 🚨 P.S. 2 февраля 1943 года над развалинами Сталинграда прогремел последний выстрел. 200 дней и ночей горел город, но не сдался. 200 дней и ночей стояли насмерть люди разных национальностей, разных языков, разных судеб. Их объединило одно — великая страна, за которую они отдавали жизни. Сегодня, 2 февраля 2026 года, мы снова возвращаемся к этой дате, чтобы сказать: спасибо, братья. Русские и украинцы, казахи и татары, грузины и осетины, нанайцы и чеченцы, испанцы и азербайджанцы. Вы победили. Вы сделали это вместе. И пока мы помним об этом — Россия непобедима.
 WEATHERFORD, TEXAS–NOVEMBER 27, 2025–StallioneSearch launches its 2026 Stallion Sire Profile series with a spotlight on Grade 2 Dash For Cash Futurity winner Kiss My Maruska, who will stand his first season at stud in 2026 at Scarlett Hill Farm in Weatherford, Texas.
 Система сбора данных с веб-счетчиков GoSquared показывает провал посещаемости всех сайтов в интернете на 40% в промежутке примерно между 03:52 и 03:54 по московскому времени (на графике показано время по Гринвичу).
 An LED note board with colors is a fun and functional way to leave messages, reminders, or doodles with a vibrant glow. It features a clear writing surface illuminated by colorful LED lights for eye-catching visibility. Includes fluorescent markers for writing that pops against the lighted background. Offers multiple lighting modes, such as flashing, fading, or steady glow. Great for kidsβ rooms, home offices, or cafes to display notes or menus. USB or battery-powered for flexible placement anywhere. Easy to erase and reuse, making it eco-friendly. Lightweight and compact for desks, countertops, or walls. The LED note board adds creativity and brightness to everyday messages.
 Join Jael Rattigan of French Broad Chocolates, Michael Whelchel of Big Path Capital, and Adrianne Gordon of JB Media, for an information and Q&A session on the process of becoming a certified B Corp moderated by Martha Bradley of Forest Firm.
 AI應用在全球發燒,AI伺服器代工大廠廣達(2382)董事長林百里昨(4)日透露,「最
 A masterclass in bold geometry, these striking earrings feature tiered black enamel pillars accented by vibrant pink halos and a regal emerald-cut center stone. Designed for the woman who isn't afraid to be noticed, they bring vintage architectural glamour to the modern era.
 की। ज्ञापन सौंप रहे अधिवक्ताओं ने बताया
==
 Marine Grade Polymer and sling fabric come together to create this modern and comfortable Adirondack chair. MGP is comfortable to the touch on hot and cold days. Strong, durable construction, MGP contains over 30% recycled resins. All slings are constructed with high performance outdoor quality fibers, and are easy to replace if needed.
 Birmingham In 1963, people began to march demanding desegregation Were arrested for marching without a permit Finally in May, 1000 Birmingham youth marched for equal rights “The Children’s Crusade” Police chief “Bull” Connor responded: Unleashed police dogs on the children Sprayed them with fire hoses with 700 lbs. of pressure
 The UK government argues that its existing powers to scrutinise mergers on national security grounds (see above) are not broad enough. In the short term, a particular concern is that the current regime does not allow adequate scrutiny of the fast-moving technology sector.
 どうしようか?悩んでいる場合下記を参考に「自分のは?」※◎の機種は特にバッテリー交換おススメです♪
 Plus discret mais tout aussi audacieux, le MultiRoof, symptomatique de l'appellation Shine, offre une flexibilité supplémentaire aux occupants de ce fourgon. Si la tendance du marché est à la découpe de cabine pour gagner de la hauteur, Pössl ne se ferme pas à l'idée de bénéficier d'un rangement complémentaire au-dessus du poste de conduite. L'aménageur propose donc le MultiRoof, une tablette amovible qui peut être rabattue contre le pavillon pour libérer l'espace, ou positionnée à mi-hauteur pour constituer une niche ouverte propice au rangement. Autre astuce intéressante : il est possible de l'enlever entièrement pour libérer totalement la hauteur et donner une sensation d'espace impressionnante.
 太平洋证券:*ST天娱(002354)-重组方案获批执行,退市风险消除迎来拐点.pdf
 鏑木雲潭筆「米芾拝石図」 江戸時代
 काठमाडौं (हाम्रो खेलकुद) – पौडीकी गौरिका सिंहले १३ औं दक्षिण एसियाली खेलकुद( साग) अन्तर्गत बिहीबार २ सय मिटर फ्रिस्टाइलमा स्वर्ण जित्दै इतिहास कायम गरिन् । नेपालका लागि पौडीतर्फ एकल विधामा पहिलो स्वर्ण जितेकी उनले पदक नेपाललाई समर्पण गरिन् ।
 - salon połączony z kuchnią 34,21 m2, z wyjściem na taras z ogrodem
* * *
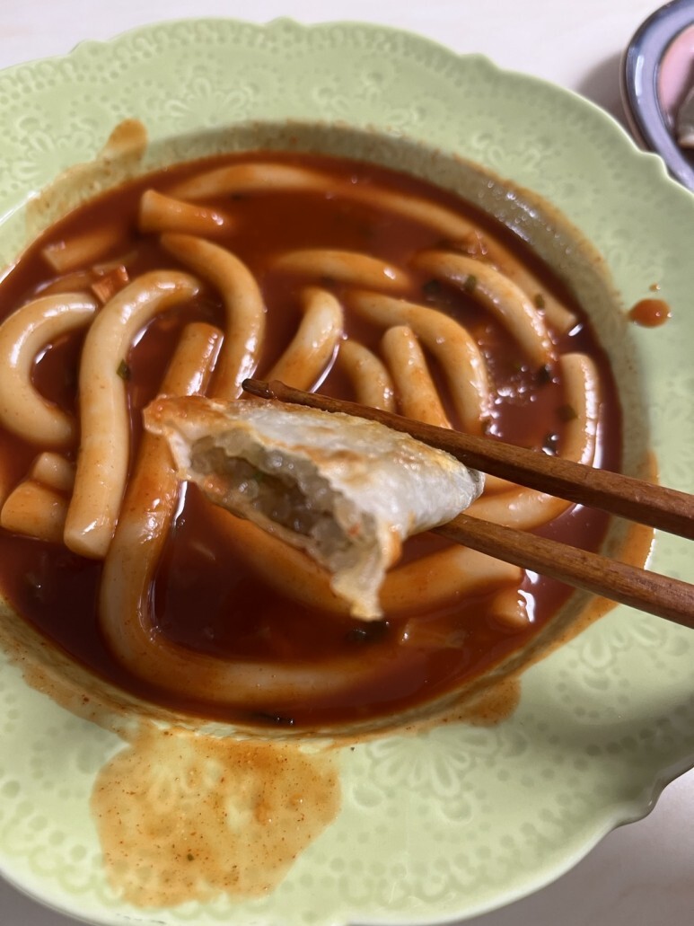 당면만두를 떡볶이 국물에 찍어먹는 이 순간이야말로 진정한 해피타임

* **Task objective**
Using the records above, restate word for word the lines from the one with "Plus discret mais" through the one with "- salon połączony", both included.

* **Solution to this problem**
 Plus discret mais tout aussi audacieux, le MultiRoof, symptomatique de l'appellation Shine, offre une flexibilité supplémentaire aux occupants de ce fourgon. Si la tendance du marché est à la découpe de cabine pour gagner de la hauteur, Pössl ne se ferme pas à l'idée de bénéficier d'un rangement complémentaire au-dessus du poste de conduite. L'aménageur propose donc le MultiRoof, une tablette amovible qui peut être rabattue contre le pavillon pour libérer l'espace, ou positionnée à mi-hauteur pour constituer une niche ouverte propice au rangement. Autre astuce intéressante : il est possible de l'enlever entièrement pour libérer totalement la hauteur et donner une sensation d'espace impressionnante.
 太平洋证券:*ST天娱(002354)-重组方案获批执行,退市风险消除迎来拐点.pdf
 鏑木雲潭筆「米芾拝石図」 江戸時代
 काठमाडौं (हाम्रो खेलकुद) – पौडीकी गौरिका सिंहले १३ औं दक्षिण एसियाली खेलकुद( साग) अन्तर्गत बिहीबार २ सय मिटर फ्रिस्टाइलमा स्वर्ण जित्दै इतिहास कायम गरिन् । नेपालका लागि पौडीतर्फ एकल विधामा पहिलो स्वर्ण जितेकी उनले पदक नेपाललाई समर्पण गरिन् ।
 - salon połączony z kuchnią 34,21 m2, z wyjściem na taras z ogrodem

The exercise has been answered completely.